Copy each record below exactly, please, and leave its pictures out.
[[ Supplied data open ]]
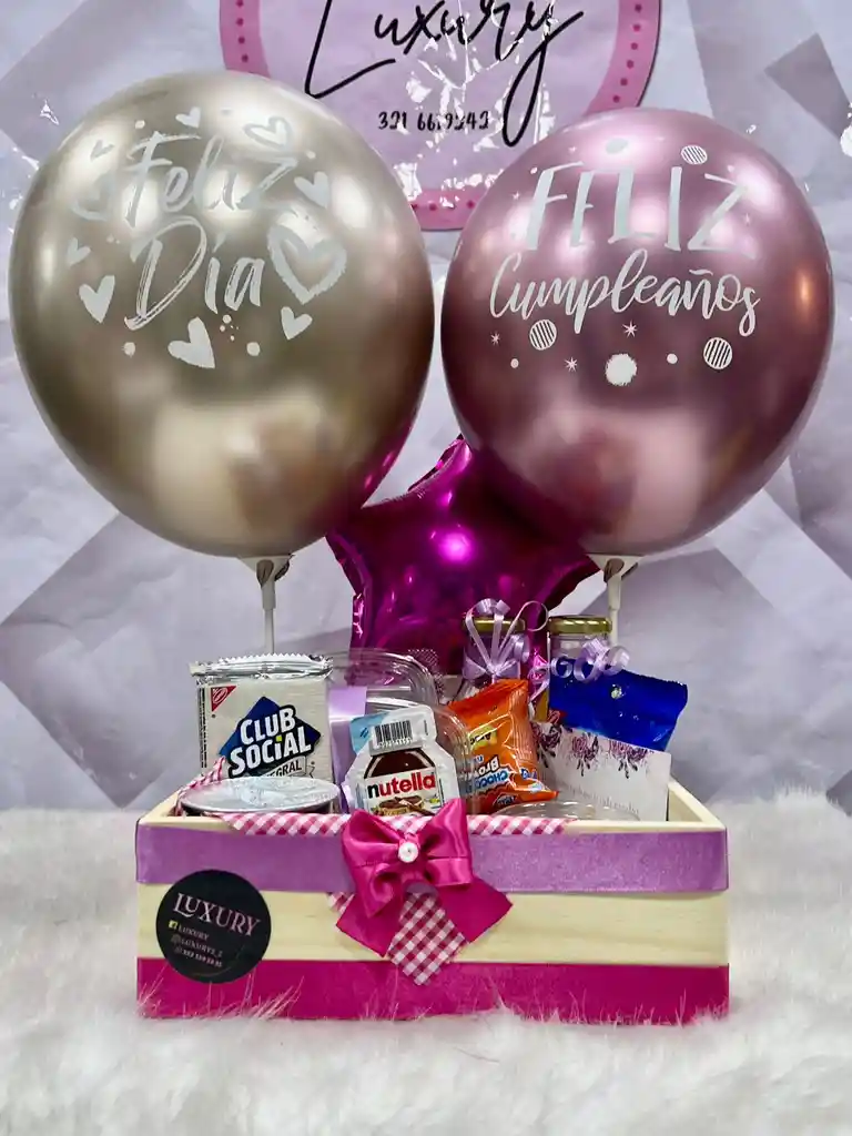 Sándwich Jugo de naranja en frasco de vidrio Paquete de galletas oreo Fruta entera Parfait Postre personal Pancake con chocolate yogurt alpina Leche en tarro de vidrio Caja decorada 2 globos R 12
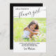 Tarjeta de propuesta de boda personalizada para la niña de las flores con tu propia foto personalizada, elegante letra manuscrita y tema de color en blanco y negro. La plantilla de la foto está configurada para que agregues tu propia imagen al frente. El texto dice "[nombre de la niña de las flores], por favor, sé mi niña de las flores... [nombre del novio] y yo nos vamos a casar, así que la siguiente pregunta es, ¿serás mi niña de las flores? [despedida y nombre de la novia]". Todo el texto es editable, excepto la primera instancia de "niña de las flores" que está escrita a mano. La tipografía y los colores de fondo se pueden cambiar; por favor, haz clic en personalizar más, o envíame un mensaje para obtener asistencia.
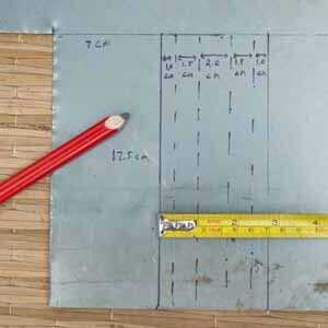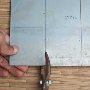 1. dibujar el diseño en plano del metal de hoja 17,5 cm x (1 cm, 1.5 cm, 2 cm, 1.5 cm, 1 cm) 2. cortar el metal de hoja 3. doblar el metal corte en forma 4. haya terminado.
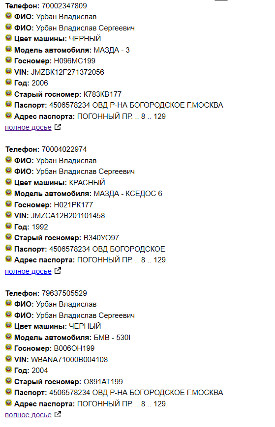 >>26114064 >ных о пересечении границы после 23 >3)есть данные о его нахождении в РФ после 23, в том числе данные с симки > Если пробивать по адресу регистрации его матери-владыки Урбан Ольги Николаевны - Владос в МСК по ее адресу не зарегистрирован (проверено)
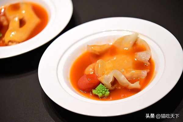 鮮茄汁焗大花膠,花膠大塊厚實,加入自制番茄汁用焗的方式烹制,口感嫩而彈牙,番茄汁的酸爽更突顯花膠的鮮甜,愛不釋手!
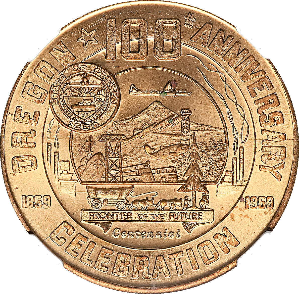 Описание: Сцена, що зображує продукти та галузі промисловості штату Орегон; у верхньому лівому куті — невеликий герб штату; під сценою — невеликий критий візок та упряжка, що рухаються вправо. Нижче на стрічці — «Фронтир майбутнього» / нижче стрічки — «Сторіччя» — все в центральному колі; зовні вгорі, навколо — «Орегон * 100-річчя»; ліворуч горизонтально — «1859», праворуч горизонтально — «1959»; внизу — «Святкування».
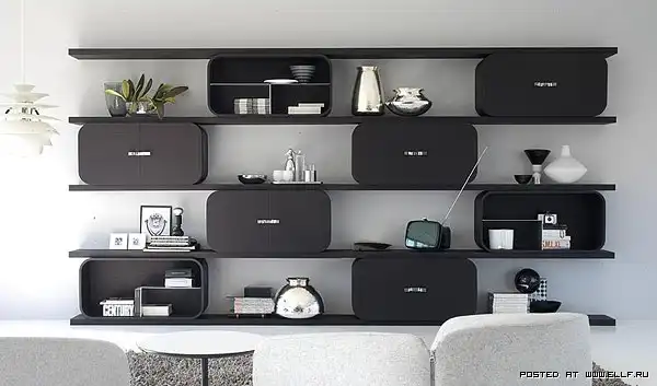 Современные полки нужны не только для хранения каких либо вещей, но и для украшения интерьера. Изменяй их расположение и вместе с этим будет меняться комната.
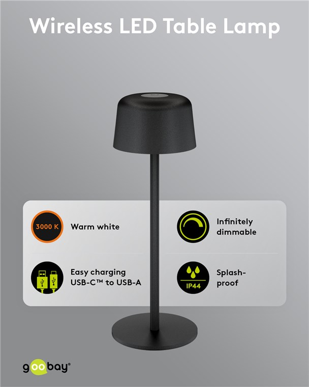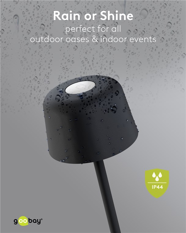 • Thanks to its splash water protection (protection class IP44), the table lamp is also perfect for the patio, balcony or garden
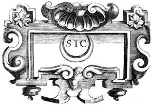 Description: This copper plate engraving depicts a crescent moon with the Latin word SIC inside of the moon. The coat of arms and engravings in this book were designed by Silvestro Pietrasanta (1590-1647) .
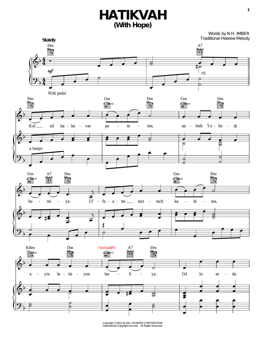 Miscellaneous: Hatikvah (With Hope) for voice, piano and guitar
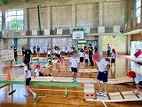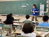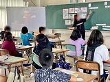 5年1組は来月末に行われる運動会に向けて、「ダイナミック琉球」のエイサー練習に励んでいました。2組は英語で「He's(She's)~ .」「He(She) can ~ .」のフレーズを使って他人を紹介し合う活動に取り組んでいました。
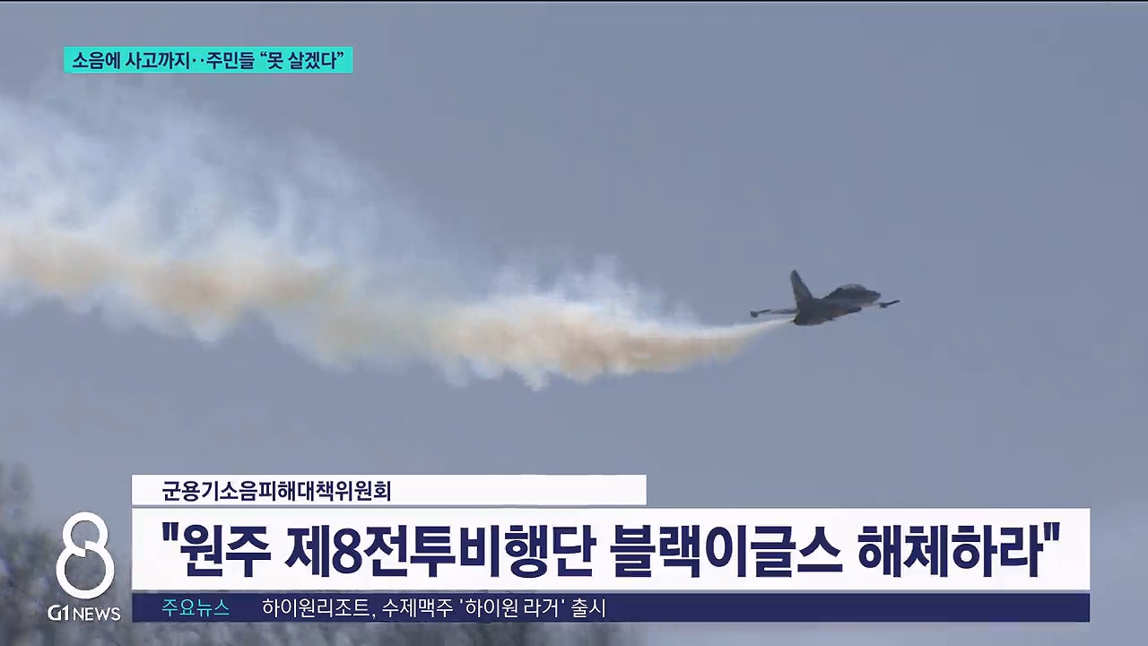 원주에 주둔하고 있는 공군 특수비행팀 블랙이글스의 소음으로 인근 주민들이 수십 년째 고통을 호소하고 있습니다.
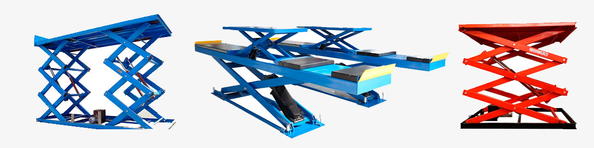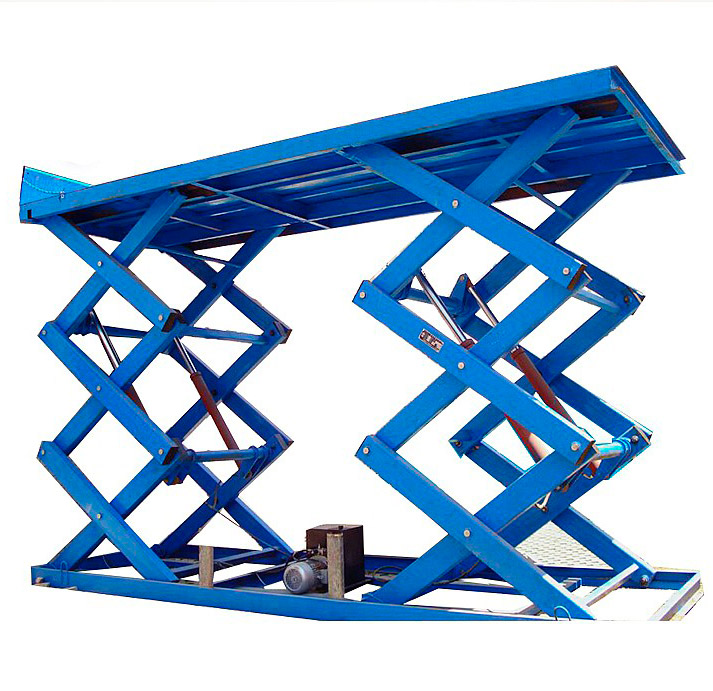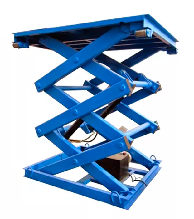 Ножничные гидравлические подъемники (подъемные столы) представляют собой платформу с огражденной площадкой, которая двигается в вертикальной плоскости посредством гидроцилиндра и рычажного ножничного механизма. Подъемник данного типа может устанавливаться в любом месте, имеющем твердое основание и соответствующие габариты. Для них не требуется дополнительного возведения бетонных либо металлокаркасных шахт, а также направляющих. Этот тип подъёмников может устанавливаться в уже готовую шахту как альтернатива грузовым лифтам и подъемникам.
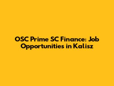 OSC Prime SC Finance: Job Opportunities In Kalisz
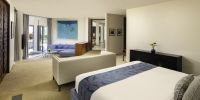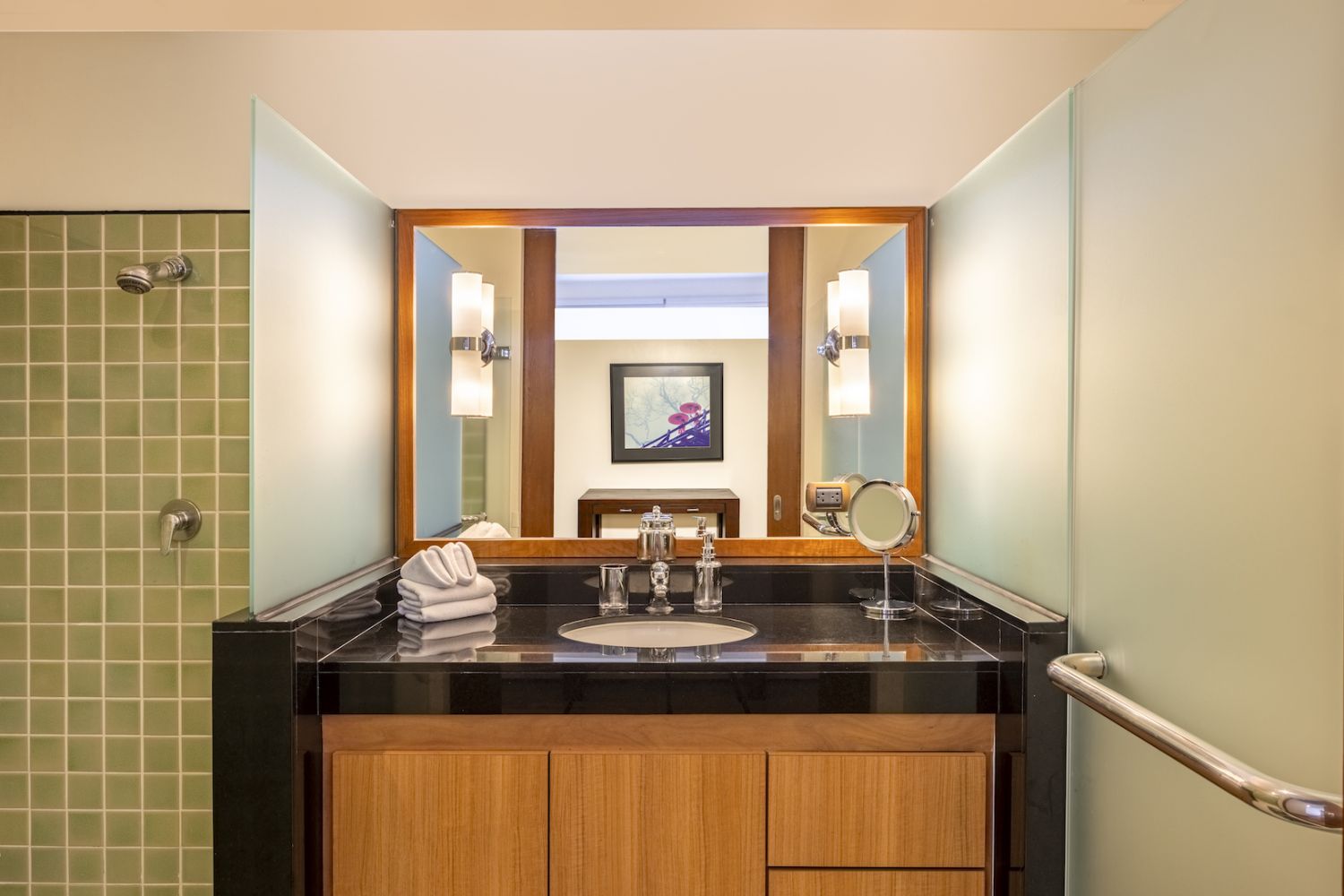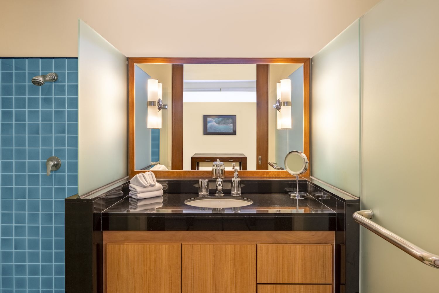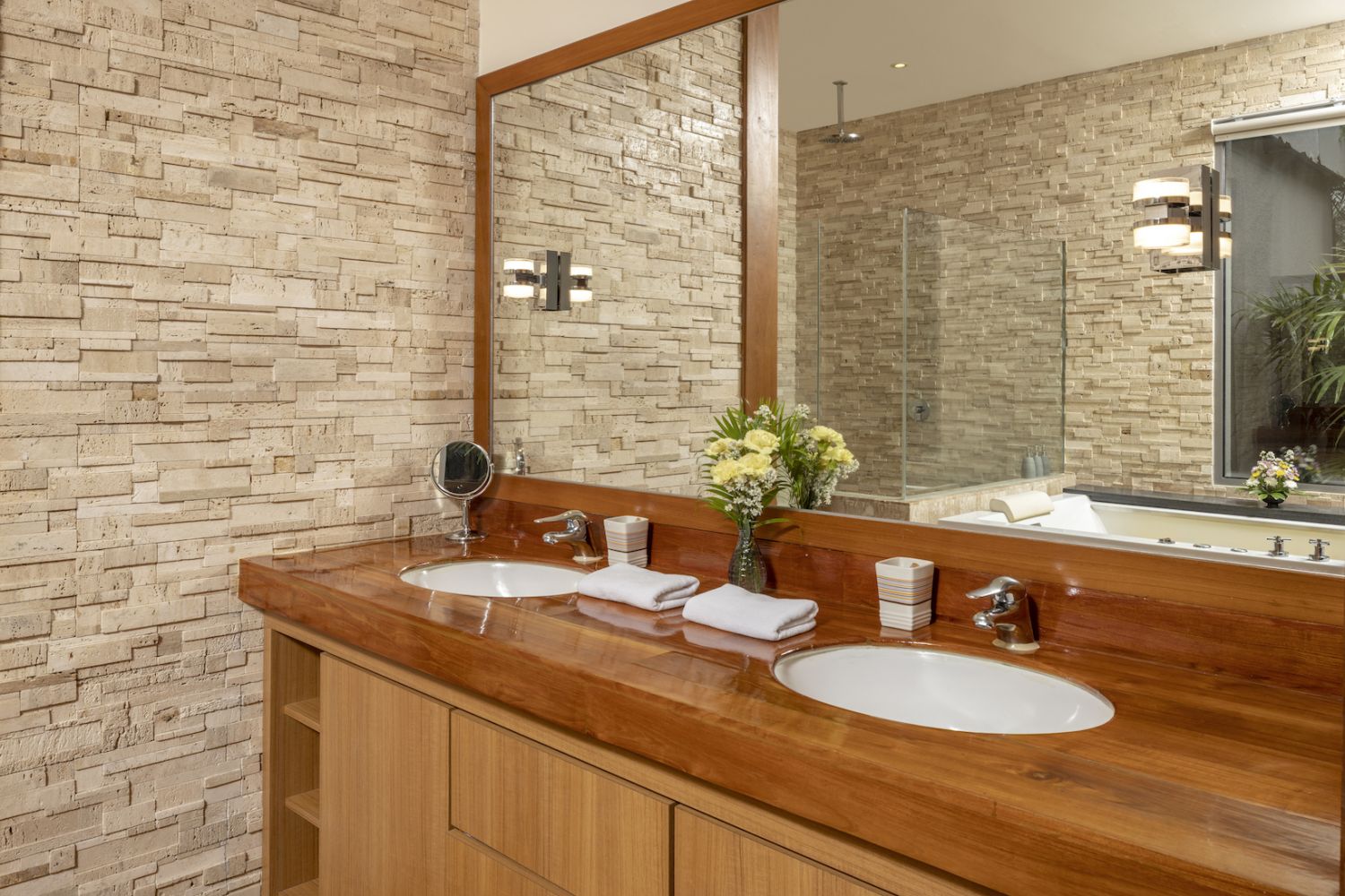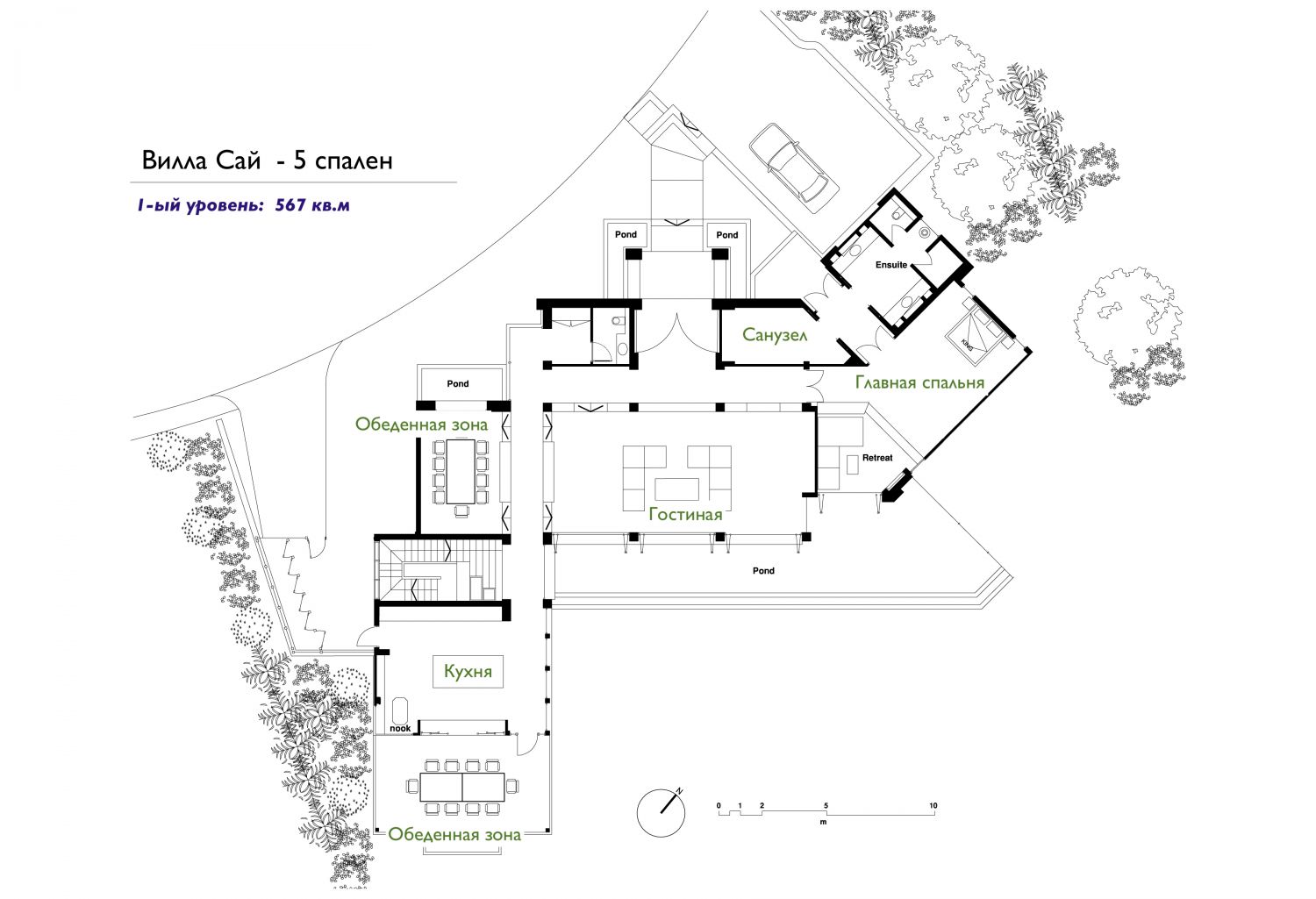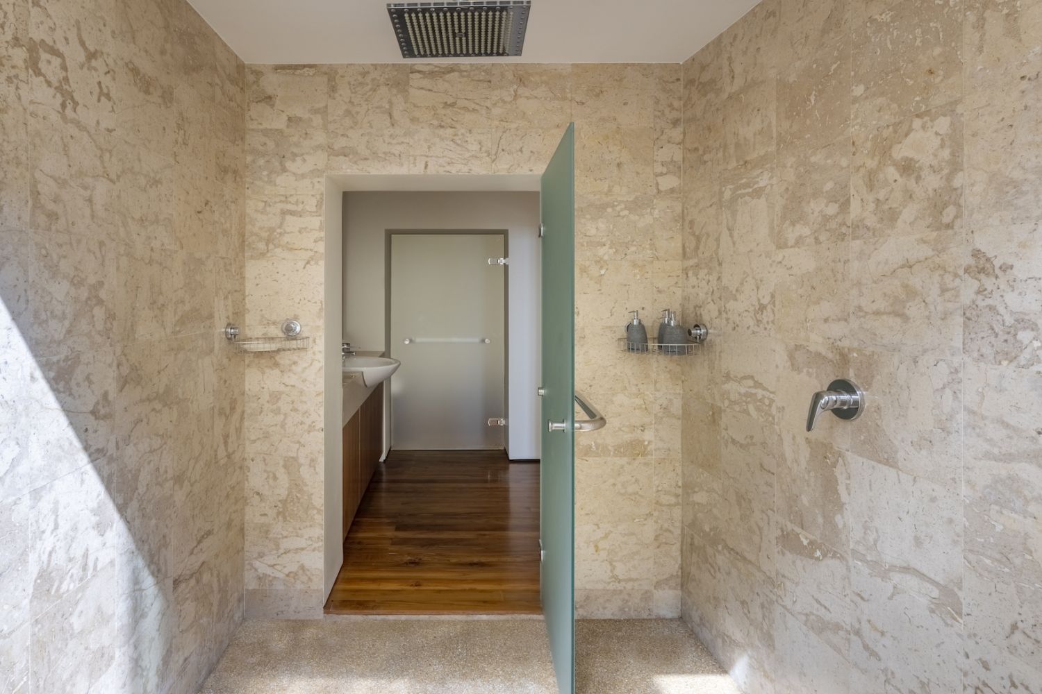 Парадный вход ведет в широкую гостиную, пространство, естественно освещенное солнечными лучами, проникающими через стеклянный фасад, который можно открыть, чтобы вдохнуть ароматный океанский бриз.
[[ Supplied data closed ]]
### Final answer:
 Sándwich Jugo de naranja en frasco de vidrio Paquete de galletas oreo Fruta entera Parfait Postre personal Pancake con chocolate yogurt alpina Leche en tarro de vidrio Caja decorada 2 globos R 12
 Tarjeta de propuesta de boda personalizada para la niña de las flores con tu propia foto personalizada, elegante letra manuscrita y tema de color en blanco y negro. La plantilla de la foto está configurada para que agregues tu propia imagen al frente. El texto dice "[nombre de la niña de las flores], por favor, sé mi niña de las flores... [nombre del novio] y yo nos vamos a casar, así que la siguiente pregunta es, ¿serás mi niña de las flores? [despedida y nombre de la novia]". Todo el texto es editable, excepto la primera instancia de "niña de las flores" que está escrita a mano. La tipografía y los colores de fondo se pueden cambiar; por favor, haz clic en personalizar más, o envíame un mensaje para obtener asistencia.
 1. dibujar el diseño en plano del metal de hoja 17,5 cm x (1 cm, 1.5 cm, 2 cm, 1.5 cm, 1 cm) 2. cortar el metal de hoja 3. doblar el metal corte en forma 4. haya terminado.
 >>26114064 >ных о пересечении границы после 23 >3)есть данные о его нахождении в РФ после 23, в том числе данные с симки > Если пробивать по адресу регистрации его матери-владыки Урбан Ольги Николаевны - Владос в МСК по ее адресу не зарегистрирован (проверено)
 鮮茄汁焗大花膠,花膠大塊厚實,加入自制番茄汁用焗的方式烹制,口感嫩而彈牙,番茄汁的酸爽更突顯花膠的鮮甜,愛不釋手!
 Описание: Сцена, що зображує продукти та галузі промисловості штату Орегон; у верхньому лівому куті — невеликий герб штату; під сценою — невеликий критий візок та упряжка, що рухаються вправо. Нижче на стрічці — «Фронтир майбутнього» / нижче стрічки — «Сторіччя» — все в центральному колі; зовні вгорі, навколо — «Орегон * 100-річчя»; ліворуч горизонтально — «1859», праворуч горизонтально — «1959»; внизу — «Святкування».
 Современные полки нужны не только для хранения каких либо вещей, но и для украшения интерьера. Изменяй их расположение и вместе с этим будет меняться комната.
 • Thanks to its splash water protection (protection class IP44), the table lamp is also perfect for the patio, balcony or garden
 Description: This copper plate engraving depicts a crescent moon with the Latin word SIC inside of the moon. The coat of arms and engravings in this book were designed by Silvestro Pietrasanta (1590-1647) .
 Miscellaneous: Hatikvah (With Hope) for voice, piano and guitar
 5年1組は来月末に行われる運動会に向けて、「ダイナミック琉球」のエイサー練習に励んでいました。2組は英語で「He's(She's)~ .」「He(She) can ~ .」のフレーズを使って他人を紹介し合う活動に取り組んでいました。
 원주에 주둔하고 있는 공군 특수비행팀 블랙이글스의 소음으로 인근 주민들이 수십 년째 고통을 호소하고 있습니다.
 Ножничные гидравлические подъемники (подъемные столы) представляют собой платформу с огражденной площадкой, которая двигается в вертикальной плоскости посредством гидроцилиндра и рычажного ножничного механизма. Подъемник данного типа может устанавливаться в любом месте, имеющем твердое основание и соответствующие габариты. Для них не требуется дополнительного возведения бетонных либо металлокаркасных шахт, а также направляющих. Этот тип подъёмников может устанавливаться в уже готовую шахту как альтернатива грузовым лифтам и подъемникам.
 OSC Prime SC Finance: Job Opportunities In Kalisz
 Парадный вход ведет в широкую гостиную, пространство, естественно освещенное солнечными лучами, проникающими через стеклянный фасад, который можно открыть, чтобы вдохнуть ароматный океанский бриз.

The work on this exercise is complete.